Palavras-Chave: Princípio da solidariedade. Teoria humanista. Direitos humanos. Vínculos de Filiação. Direito de família contemporâneo.
Abstract : The Right to Family currently must undergo a (re) reading from the interdisciplinary and multidiscilpinaridade. Moreover, the Law of Family needs to be understood from the constitutional rules, geared to, primarily, on the principle of human dignity. Due to the natural evolutionary order of social relations, the Law of Family goes back to, essentially, the citizen, is adopting an application based on repersonalização rights inherent in the family. Thus, rather than praise the French revolutionary triad (liberty, equality and fraternity), the Constitution recognized the social solidarity as fundamental objective of the Federative Republic of Brazil, seeking to build a society free, fair and caring. As a result, the family is understood as a social environment in which its members can develop fully, in a solidarity, with the values precípuos cooperation, substantial equality and social justice. The principle of solidarity, next to the principle of human dignity, is essential core of the organization socio-politico-cultural and legal Brazilian. The family should not be perceived as more a relationship of power and domination, but as a stamp of respect, first and foremost emotional. In view of the contemporary legal education, the right to family life should be based on an integrated multi / interdisciplinary of the law, considering not only the legal aspects, but also the psychological and social considerations involved in family situations.

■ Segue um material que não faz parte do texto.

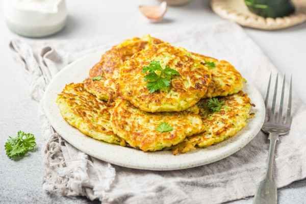 Pan fried zucchini pancakes, mixture of zucchini, dill, parsley, egg and flour.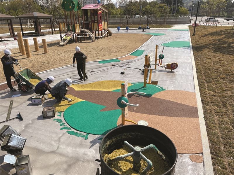 어린이놀이터 우레탄 작업에서 중소기업 인증자재 시공하는 모습. (사진=LH)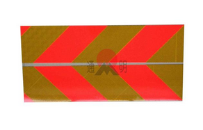 1.由红色荧光材料和黄色回复反射材料构成,安装在挂车或半挂车上的尾部标志板。

Keywords: The principle of solidarity. Humanistic theory. Human rights. Ties of affiliation. Of contemporary family law.
Sumário: 1 O princípio da solidariedade como novo paradigma nas relações de afeto. 2 O humanismo e as relações familiares contemporâneas. 3 Os direitos humanos fundamentais como forma de proteção dos direitos da criança. 4 A paternidade socioafetiva caracterizando o Princípio da Solidariedade.
“Quando conseguimos superar o egoísmo, o individualismo, a ganância, o autoritarismo e passamos a consolidar a solidariedade, a fraternidade, a partilha, a misericórdia, a compaixão, o oco e motor do nosso agir é o outro, que passa a não mais ser visto como nosso concorrente e, sim, como nosso co-responsável na construção de uma sociedade diferenciada”[1].
1 O princípio da solidariedade como novo paradigma nas relações de afeto
Com a evolução dos fatos sociais e, consequentemente, do Direito, historicamente a Constituição deixa de ser um limite à atuação do Estado e passa a ser voltada ao cidadão, adotando novos valores: os valores individuais (liberais) são substituídos por valores sociais. Adotam-se princípios constitucionais que se integram às normas infraconstitucionais.
Pretende-se, com o presente estudo, iniciar um diálogo acerca do direito de família contemporâneo, racionalizando-se o direito de família à luz da axiologia constitucional, em especial à dignidade da pessoa humana, através de uma visão inter-multidisciplinar. Assim, a visão contemporânea em questão está intimamente relacionada às questões referentes a constitucionalização do direito civil, ou seja, a República Federativa do Brasil, a partir da Constituição Federal de 1988, que adotou princípios constitucionais cuja eficácia depende, além de instrumentos que viabilizem o seu exercício, de uma nova visão e novas posturas frente ao direito de família tradicional.
O campo das relações familiares está profundamente relacionado com diversas áreas do conhecimento humano, como a psicologia, a sociologia, a antropologia, a filosofia e outras; esquecidas durante um longo período pelo tradicional estudo do Direito. Paradoxalmente, alguns profissionais que atuam no âmbito do direito familiar, possuindo conhecimento das outras áreas conexas, estão incorrendo no perigoso equívoco de atuarem em momentos ou procedimentos que não lhe cabem por falta do devido domínio profundo do assunto necessário, dando este sim, uma visão interdisciplinar e transdisciplinar[2].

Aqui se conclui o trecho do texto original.